What is one business idea that you’re willing to give away to our readers?

Creating little cards with promo codes on them like the cards you see at Starbucks giving away free songs. We would hand these out at literary events to raise awareness of the magazine and to get people listening to our soon-to-be-available back catalog.

What do you read every day, and why?

The New York Times for the international and national news and business news. The Boston Globe arts section to know what’s going on locally. The Atlantic and NPR on Tumblr for more insight on what’s going on in the world. Random fascinating articles I get links to from The Browser. Part of whatever novel I have going, because I need fiction every day. Something from the New Yorker or The Atlantic in print–again, to know what’s going on in the world of culture and ideas.

What is the one book that you recommend our community should read, and why?

Does it count if I haven’t read the book (yet)? Scaling and Biology edited by Geoffrey West, because he’s a physicist who does interesting work on cities (and thus on networks of people and on what happens when large groups of people live and work together or at least in proximity with each other). This book apparently looks at system structure from from small to large scale and is, I think, highly relevant to our interconnected lives.

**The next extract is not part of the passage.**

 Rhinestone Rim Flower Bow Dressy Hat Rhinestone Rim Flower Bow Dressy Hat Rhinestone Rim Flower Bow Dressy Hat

What is your favorite gadget, app or piece of software that helps you every day?

I’d have to say it’s my iPhone on a truly daily basis–especially the Voice Memo app that allows easy, decent-quality recording by anyone, no expertise required. I use it to record the occasional audio blog post, and I’ve used it to record a Stories on the Street piece for The Drum. Besides that, my Zoom H2 recorder is compact, indefatigable, and a dead-easy way to record excellent audio on the fly.

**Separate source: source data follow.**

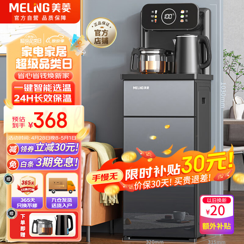 美菱(MeiLing)茶吧机家用高端客厅多功能智能遥控立式下置式饮水机全新升级【玻璃彩屏】制冷款MY-C565-B价格:398.00元!
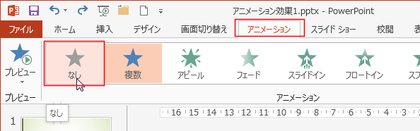 - アニメーションの削除は[アニメーション]タブのアニメーション グループの[なし]をクリックします。
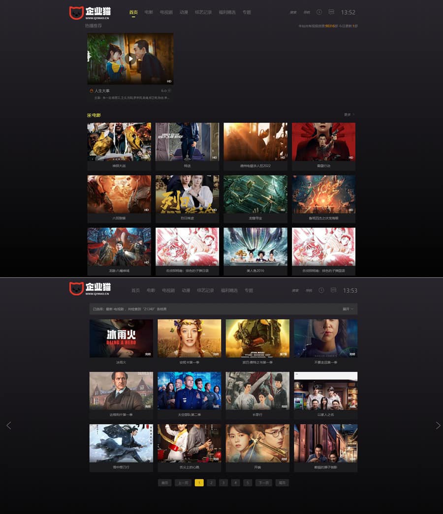 苹果CMS V10首涂第十四套模板,酷黑渐变特色自适应视频站模板。 一款酷黑模板整个布局以黑色为主用户在下滑或是上调页面时具有颜色由深变浅或浅变深的颜色渐变功能! 完美自适应所有市面上的电子视频设备。 还有触动封面直接播放视频内容的独特设计为你的广告收益大大提供了更直接的功能。 还在播放器右侧增加了选集模块功能集成了推荐影片和下载, 物超所指值得入手的一款影视模板!还有很多特色小功能等你慢慢体会发现!

Who would you love to see interviewed on IdeaMensch?

Andy Hunter, editor of Electric Literature. The magazine makes the most of all the media formats out there, but he’s also behind the creation of Broadcastr, which makes it exciting and fun and easy for anyone to tell a story and share the audio with thousands of users.

How will The Drum be able to stand out if, as may indeed happen, other magazines enter the audio-only market?

It’s true that there are no barriers to anyone else seeking to enter the market. But just as there is more than one print literary magazine, there can be more than one audio-only literary magazine (there already is at least one other: Bound Off). It will come down to the editorial choices we make, and to the kind of writers we choose to publish. Readers/listeners will come to The Drum because of our particular style.

How have you handled disappointments or setbacks?

I’ve been lucky to have had few disappointments so far with The Drum, but it’s inevitable that they will happen. I think the most important thing is not to try to avoid failure, because then you’ll be too cautious; you’ll miss out on exploring new ideas. When you do encounter a setback, the key is to recover well, without panicking or tumbling into despair.